Dataset excerpt:
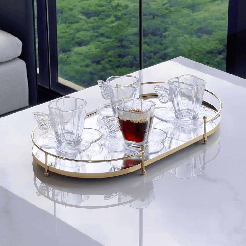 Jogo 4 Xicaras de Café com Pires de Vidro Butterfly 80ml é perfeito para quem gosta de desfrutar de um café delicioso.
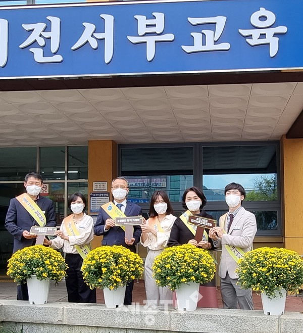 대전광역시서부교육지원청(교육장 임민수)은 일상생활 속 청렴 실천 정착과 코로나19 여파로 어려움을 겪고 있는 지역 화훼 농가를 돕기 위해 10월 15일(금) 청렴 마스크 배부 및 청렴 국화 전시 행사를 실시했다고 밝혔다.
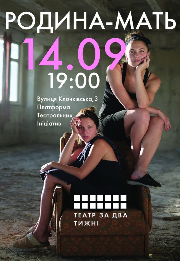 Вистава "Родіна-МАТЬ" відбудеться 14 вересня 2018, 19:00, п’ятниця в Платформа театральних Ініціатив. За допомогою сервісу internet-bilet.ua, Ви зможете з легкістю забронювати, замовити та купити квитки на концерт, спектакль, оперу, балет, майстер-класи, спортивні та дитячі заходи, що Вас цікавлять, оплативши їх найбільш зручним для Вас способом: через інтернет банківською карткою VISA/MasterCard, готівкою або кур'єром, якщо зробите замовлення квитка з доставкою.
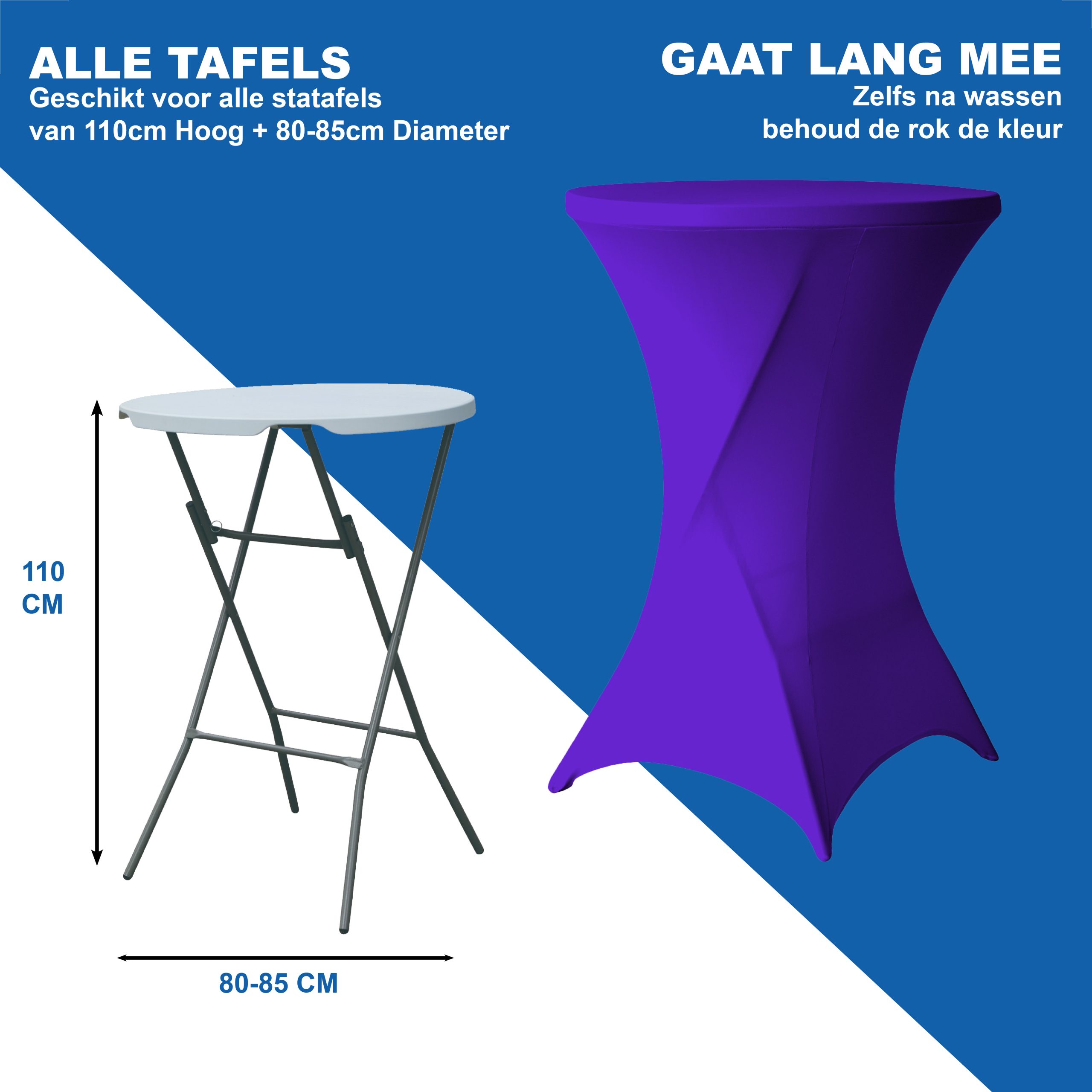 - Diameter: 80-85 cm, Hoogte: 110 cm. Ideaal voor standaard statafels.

Task prompt:
Type the lines above out again exactly as they appear, skipping every picture.

Answer to this task:
 Jogo 4 Xicaras de Café com Pires de Vidro Butterfly 80ml é perfeito para quem gosta de desfrutar de um café delicioso.
 대전광역시서부교육지원청(교육장 임민수)은 일상생활 속 청렴 실천 정착과 코로나19 여파로 어려움을 겪고 있는 지역 화훼 농가를 돕기 위해 10월 15일(금) 청렴 마스크 배부 및 청렴 국화 전시 행사를 실시했다고 밝혔다.
 Вистава "Родіна-МАТЬ" відбудеться 14 вересня 2018, 19:00, п’ятниця в Платформа театральних Ініціатив. За допомогою сервісу internet-bilet.ua, Ви зможете з легкістю забронювати, замовити та купити квитки на концерт, спектакль, оперу, балет, майстер-класи, спортивні та дитячі заходи, що Вас цікавлять, оплативши їх найбільш зручним для Вас способом: через інтернет банківською карткою VISA/MasterCard, готівкою або кур'єром, якщо зробите замовлення квитка з доставкою.
 - Diameter: 80-85 cm, Hoogte: 110 cm. Ideaal voor standaard statafels.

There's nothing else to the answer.